== Segment start ==
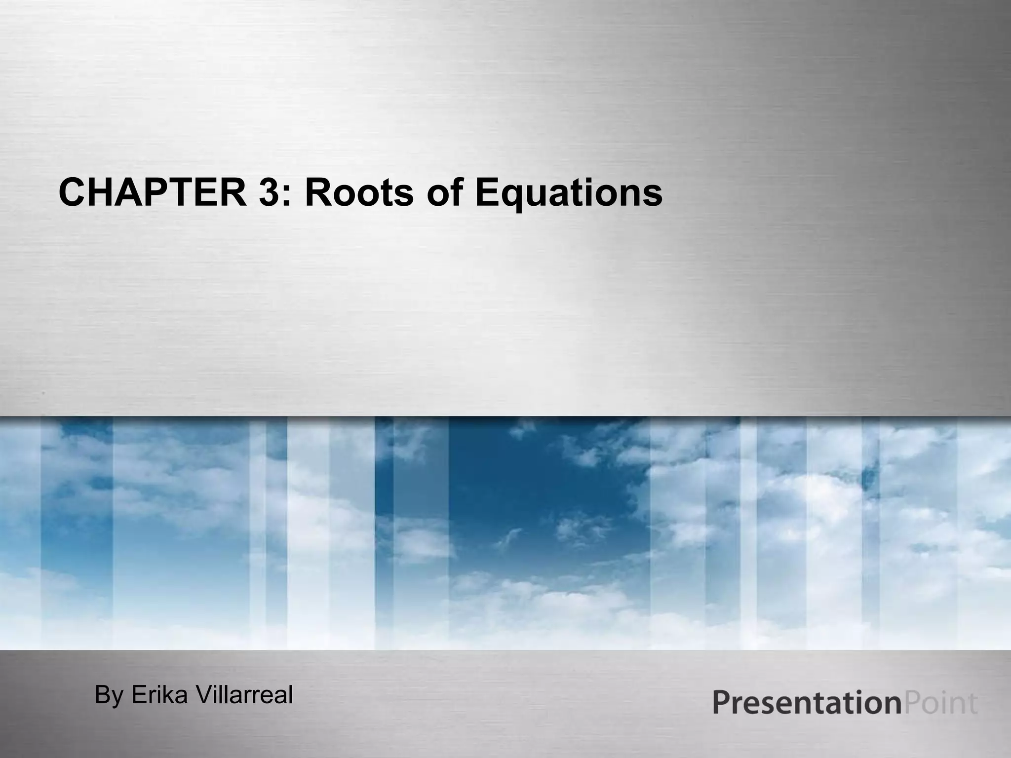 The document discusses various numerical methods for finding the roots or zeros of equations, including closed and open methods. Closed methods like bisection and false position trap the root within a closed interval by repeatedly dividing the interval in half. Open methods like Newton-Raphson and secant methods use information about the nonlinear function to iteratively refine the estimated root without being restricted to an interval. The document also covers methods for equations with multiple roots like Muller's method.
== Segment end ==
== Segment start ==
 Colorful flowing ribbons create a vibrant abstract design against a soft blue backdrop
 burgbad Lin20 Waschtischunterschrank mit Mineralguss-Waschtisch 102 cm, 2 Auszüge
== Segment end ==
■ Work item:
From the line holding "Colorful flowing ribbons" to the line holding "burgbad Lin20 Waschtischunterschrank", inclusive, restate each line above exactly as written.

■ Written solution:
 Colorful flowing ribbons create a vibrant abstract design against a soft blue backdrop
 burgbad Lin20 Waschtischunterschrank mit Mineralguss-Waschtisch 102 cm, 2 Auszüge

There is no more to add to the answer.